Sometimes I really want to fall in love, but the thought of "my face has bad skin." If he kisses me, he will see it, and he will hug my waist to find my hidden fat. When we had dinner together, I knew I ate like a man. I usually hold a mobile phone to brush Weibo's smile, and he will think I am crazy. " I think it's better to be single. But it is also a relief to think that you have so many problems and can't find someone at all.
Grandma sent a message to her grandson, saying, you should hide quickly. Your teacher came to see you at home because you played truant. Grandson said: Grandma, hide quickly! I called my teacher for leave today and said that my grandmother died and didn't go to school. At this time, grandma has opened the door for the teacher. Teacher: And you are? Grandma: Today is the seventh day. I'll come back and have a look. (
I had dinner with my classmate today and saw a booger sticking to his nose. I want to be frank, but I'm embarrassed, just say he has rice under his nose. As a result, he smiled and licked it into his mouth with his tongue. ...
Two African couples are quarrelling. The husband said, "Skippy!" The wife said, "Dig for Nini!" The husband said, "Topeka, Anji, the bottom of the building is thick and wide!" " At this time, the wife has knelt down and pleaded: "Mimi, Kuo Udi, Kuo Uji of Tatar Hall!" The husband thundered, "A Qin listens to Guo Wuji! ! "And you, like 2B, have been reading until now, as if you really understand African dialects.
When Pig Bajie was just appeased, he felt that he didn't know etiquette and was afraid of offending Tang Priest, so he asked the Monkey King what to do.
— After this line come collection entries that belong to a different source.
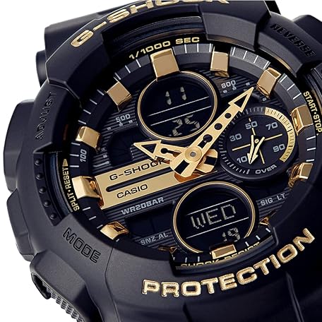 Thông tin sản phẩm Casio GMA-S140M-1AER Unisex Quartz Watch, 49.00 mm Case Size with Black Analogue / Digital Dial and Black Plastic/Resin Strap Strap, black, Stripes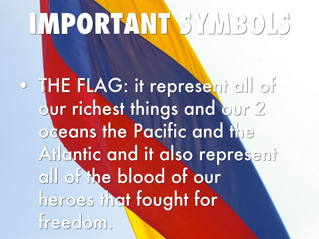 THE FLAG: it represent all of our richest things and our 2 oceans the Pacific and the Atlantic and it also represent all of the blood of our heroes that fought for freedom.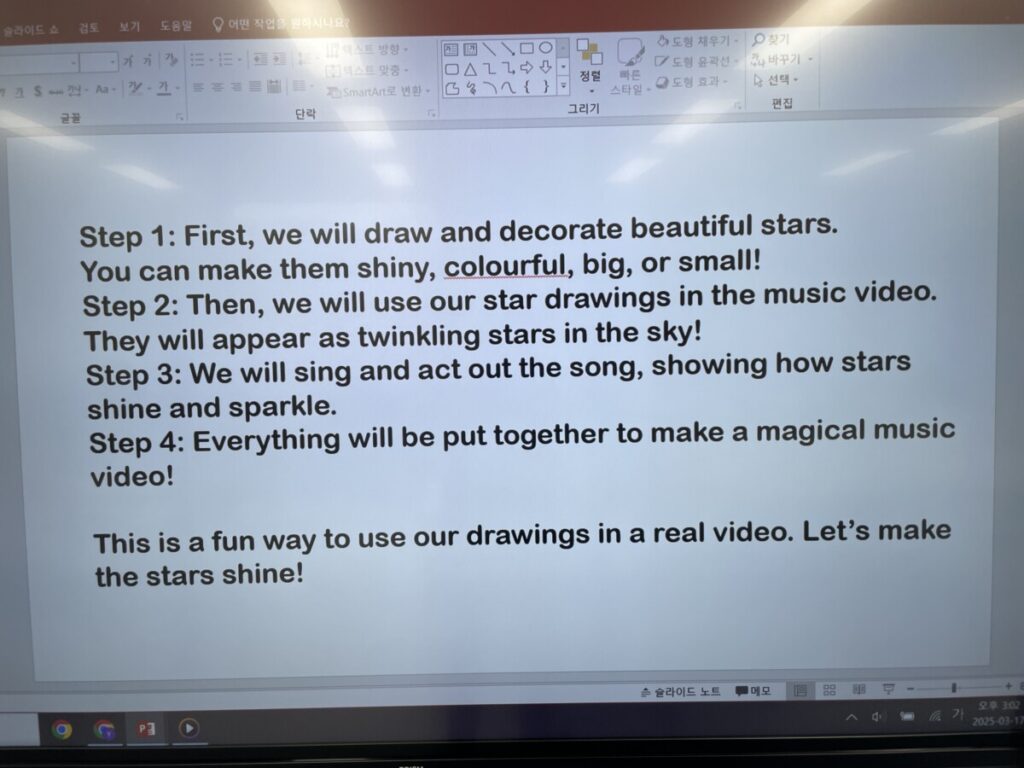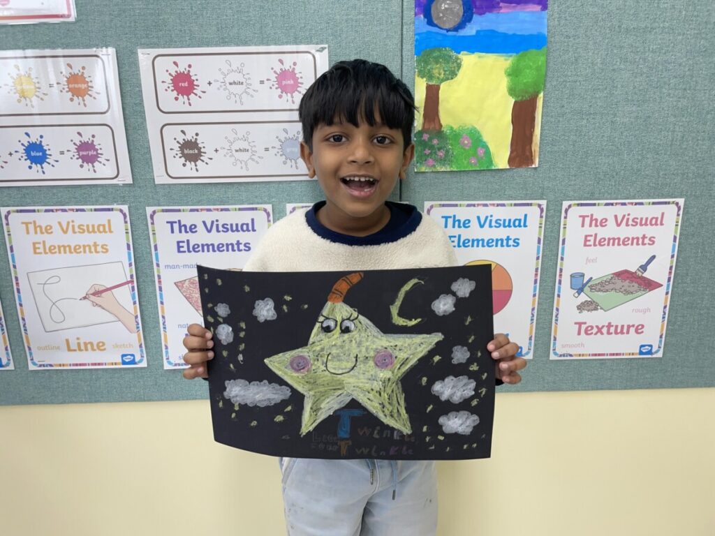After that, we practiced singing the song and acting out fun movements to show how stars shine and sparkle. This helped us see how art, music, and movement can all work together to make something special.

Wukong said, after a while, you can see what I do, just learn. When they met the Tang Priest, Wukong knelt down and said, "Master, I am a disciple!" " Pig immediately got the message and knelt down and cried, "Master, fat disciple, bow down!
Television is totally different from reality! Just now I said to my dad, "Dad, can you sing little stars?" What my dad said turned out to be: "Go and get the calf! Almost 30 fucking years old, like a mental retardation! " (
Friend, I saw you surfing the Internet again. Why are you always online? Have you finished your study task? Aren't your parents worried about you? ""Are you crazy? ! You are still so arrogant when you are about to be eaten! " Spider essence said to Tang Priest.
My parents are absolutely the stupidest people in the world. After they borrowed money from others, they promised that "we will pay you back all the money we owe you", and then they gave birth to me and named me Tong Tong.